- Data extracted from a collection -
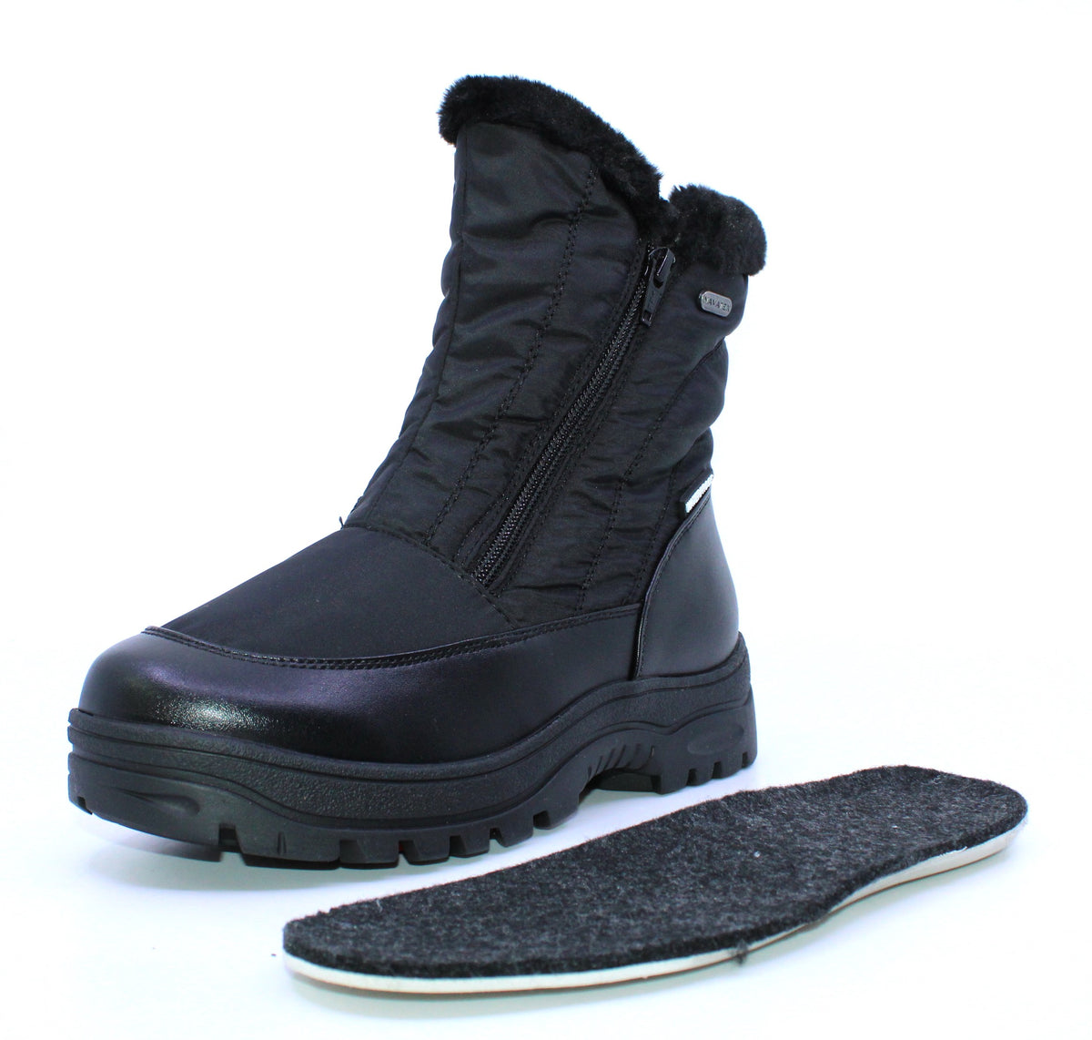 La botte d’hiver NAVATEX 197450 W est facile d’entretien, légère et idéale pour les hivers canadiens. Elle est waterproof et sa doublure en laine tiendra vos pieds au chaud jusqu’à -30 °C. Ses deux zips latéraux permettent de l’enfiler facilement et rapidement. Sa semelle intérieure amovible est idéale pour la faire sécher et sa semelle extérieure est antidérapante. Son système de crampons à bascule permet de les retourner pour les sortir au besoin pour plus de stabilité sur la glace.
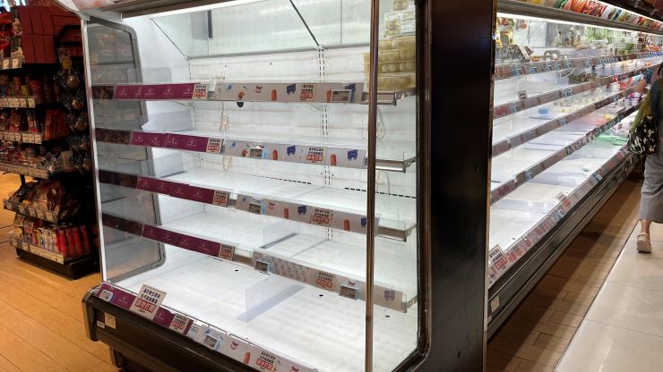 「シグナル8」が出ると、スーパーはじめ店舗はすべて休業となります。 夕方、イオンを覗いてみると、、、棚はキレイに空っぽ。 ↓
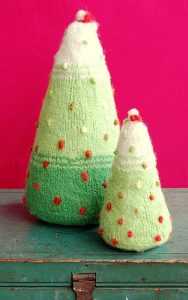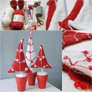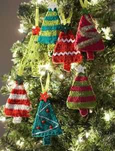 Начинающим вязальщицам лучше начать с ярких елочек, как на фото. Они связанны лицевой гладью и украшены подручными материалами.
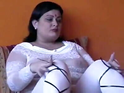 My mother-in-law in a beautiful red dress and black stockings helped me on her beautiful tummy!
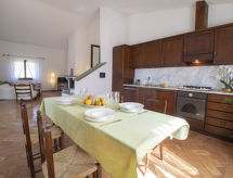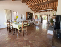 Rustik, konforlu villa "Gaia", denizden yükseklik 490 m, bağımsız, çevrili ağaçlar ve kırlık alan. 4 km ın merkezinde Seggiano, yalnız, güneşli yer tepede. Tek kişilik kullanım için: Park 1 ha, dinlenmek için güzel bir bahçe, yüzme havuzu (12 6 m, 140 - 250 cm derin, Sezonluk kullanılabilirlik: 01.Jun. - 15.Sep.). Dış duş, bahçe mobilyası, mangal. Kadar ısınma ücreti gelindiğinde ödenir, 01.11. 15.04.. Giriş (100 m doğa yolu). Otopark evin orda. Kumsal "Marina Di Alberese" 74 km, park "Monte Amiata" 20 km, termal havuz "Bagni San Filippo" 24 km. Gezilecek yerler: Castel Del piano 11 km, Vivo d'Orcia 17 km, Bagno vignoni 20 km, Montalcino 25 km, Pienza 32 km, Siena 62 km. Lütfen dikkat: araç önerilir.Interior

- Action item -
Repeat exactly the line containing "Начинающим вязальщицам лучше" and every line after it through the end of the records, and nothing else. Leave the pictures out.

- Response to the exercise -
 Начинающим вязальщицам лучше начать с ярких елочек, как на фото. Они связанны лицевой гладью и украшены подручными материалами.
 My mother-in-law in a beautiful red dress and black stockings helped me on her beautiful tummy!
 Rustik, konforlu villa "Gaia", denizden yükseklik 490 m, bağımsız, çevrili ağaçlar ve kırlık alan. 4 km ın merkezinde Seggiano, yalnız, güneşli yer tepede. Tek kişilik kullanım için: Park 1 ha, dinlenmek için güzel bir bahçe, yüzme havuzu (12 6 m, 140 - 250 cm derin, Sezonluk kullanılabilirlik: 01.Jun. - 15.Sep.). Dış duş, bahçe mobilyası, mangal. Kadar ısınma ücreti gelindiğinde ödenir, 01.11. 15.04.. Giriş (100 m doğa yolu). Otopark evin orda. Kumsal "Marina Di Alberese" 74 km, park "Monte Amiata" 20 km, termal havuz "Bagni San Filippo" 24 km. Gezilecek yerler: Castel Del piano 11 km, Vivo d'Orcia 17 km, Bagno vignoni 20 km, Montalcino 25 km, Pienza 32 km, Siena 62 km. Lütfen dikkat: araç önerilir.Interior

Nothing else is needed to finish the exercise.